Initially the JSCF was a passive fund as it had nearly 97 per cent plus cash deployed in market treasury bills till the new fund manager came, since then the fund seems a bit vigilant as well in trying to beat the category average return and with that it has diversified its investment in other money market instruments.
After the KSE-100 index touched the historic high of 15 thousand points, it was followed by a crash that reduced the index to roughly 5000 points and in addition to this Karachi Stock Market remained closed for a few months. While this was happening, in the debt market term finance certificates prices were slashed as per the order of the regulators which later were revived. However, before this all began JS Investment Limited (JSIL)was the market leader of the asset management industry, and it was the market leaders that retail investors were attracted to mutual funds.
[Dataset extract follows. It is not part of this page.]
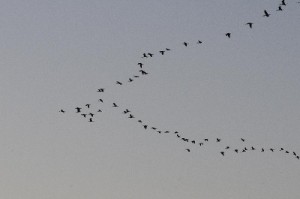 s Middags na de lunch pakken we de fietsen om naar het stadje te rijden. Door onze vogelaars gaan we de andere kant op, want daar ontdekken ze het natuurgebied, wat hier moet zijn. We zien verschillende vogels en een hele groep zwarte Ibissen op een veld. Helaas schrikken die zo van ons, dat ze hun vleugels spreiden en maken dat ze wegkomen
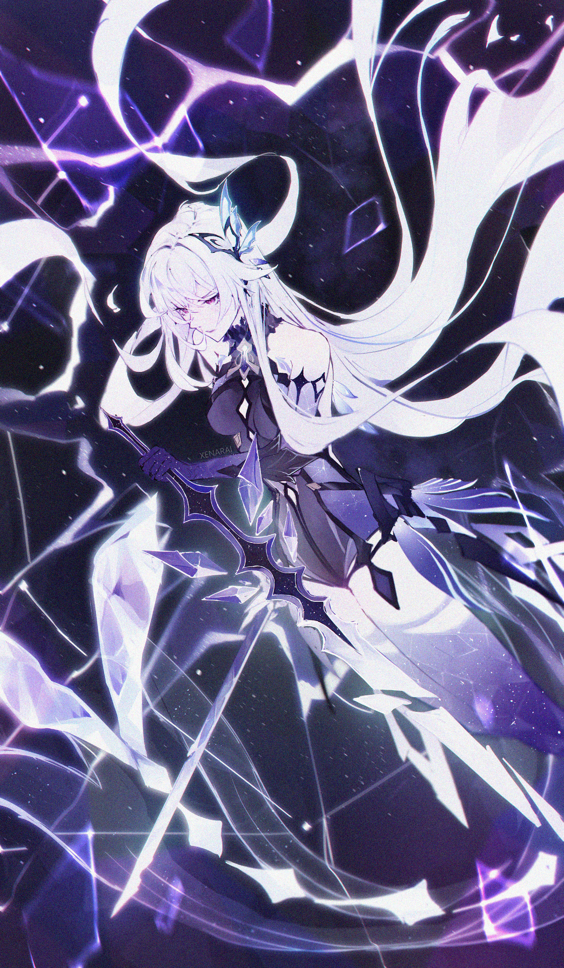 1girl absurdres crystal_shards fins fish_tail genshin_impact glass_shards highres holding holding_sword holding_weapon long_hair skirk_(genshin_impact) solo star_(sky) sword tail weapon white_hair xena_rai

In short, after the 2008 debacle JSIL’s fund size contracted and even after things were back to normal was unsuccessful in making a comeback.
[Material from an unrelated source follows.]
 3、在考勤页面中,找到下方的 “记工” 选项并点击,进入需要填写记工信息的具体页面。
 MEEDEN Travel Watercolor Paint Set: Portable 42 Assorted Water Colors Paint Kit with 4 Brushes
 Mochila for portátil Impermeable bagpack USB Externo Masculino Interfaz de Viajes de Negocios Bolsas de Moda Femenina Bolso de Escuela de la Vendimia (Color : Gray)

However, the whole management at JSIL was overhauled from top to bottom, and like all other asset management companies JSIL launched a money market fund.
Since inception, the fund mostly is posting above category average returns, with an above average volatility in returns. However, volatility of returns in a money market fund should not be a major concern for one as returns hover around the same magical digits, that is, 11 and 12 across the board in this category.
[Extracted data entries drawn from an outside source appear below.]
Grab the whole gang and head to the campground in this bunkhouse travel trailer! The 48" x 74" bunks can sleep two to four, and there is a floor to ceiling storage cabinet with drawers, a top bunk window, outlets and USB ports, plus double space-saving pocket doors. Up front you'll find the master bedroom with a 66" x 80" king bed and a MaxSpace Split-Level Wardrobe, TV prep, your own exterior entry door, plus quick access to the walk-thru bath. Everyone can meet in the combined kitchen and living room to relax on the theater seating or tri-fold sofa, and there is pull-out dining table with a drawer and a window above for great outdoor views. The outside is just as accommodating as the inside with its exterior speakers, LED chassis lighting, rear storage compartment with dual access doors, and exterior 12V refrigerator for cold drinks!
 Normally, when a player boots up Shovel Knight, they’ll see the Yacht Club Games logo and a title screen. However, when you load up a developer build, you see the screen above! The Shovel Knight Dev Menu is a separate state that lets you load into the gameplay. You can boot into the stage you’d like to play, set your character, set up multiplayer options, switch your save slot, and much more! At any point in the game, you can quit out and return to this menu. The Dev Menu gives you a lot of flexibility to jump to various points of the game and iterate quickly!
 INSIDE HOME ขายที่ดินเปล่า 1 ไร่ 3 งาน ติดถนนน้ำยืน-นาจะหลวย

The liquidity of the fund has been kept very high compared to peerfunds, a lesson well learnt but JSIL is not benefiting from it as the fund size since launch till Jun-11 (15 months) is standing at the Rs1.44 billion. Whereas, funds launched after JSCF have shown growth and that to in double digits.
After the management change, the management fee for JSCF was revised down from 1.50 per cent to 1.00 per cent, and according to the Mar-11 the total expense ratio was 0.94 per cent. This means to an investor this fund would be costing him around 1.30 per cent per annum, which is a bit below the category average.
JSCF is invested in 68 per cent T-Bills, 18 per cent Cash and 14 per cent with DFI’s as at Jun-11, whereas if we look up at the historical pattern this is the first time that the fund has gone so low on T-Bills, and this normally happens in two situations better rate than T-Bills if being offered and secondly a rate cut is expected. However, in this case latter was the reason as the duration of the fund stood at 70 days which explains that the fund manager was actually foreseeing a rate cut. Overall, the fund in FY11 has posted a return of 11.69 per cent (that is, net of management fee and all other expenses).
The management seems to be working hard for the revival of JSIL previous image, which in future can be easily gauged from the fund size that they are able to gather. However, JSCF is better in generating returns and costs less than a few money market funds that have Rs10 billion under their belt.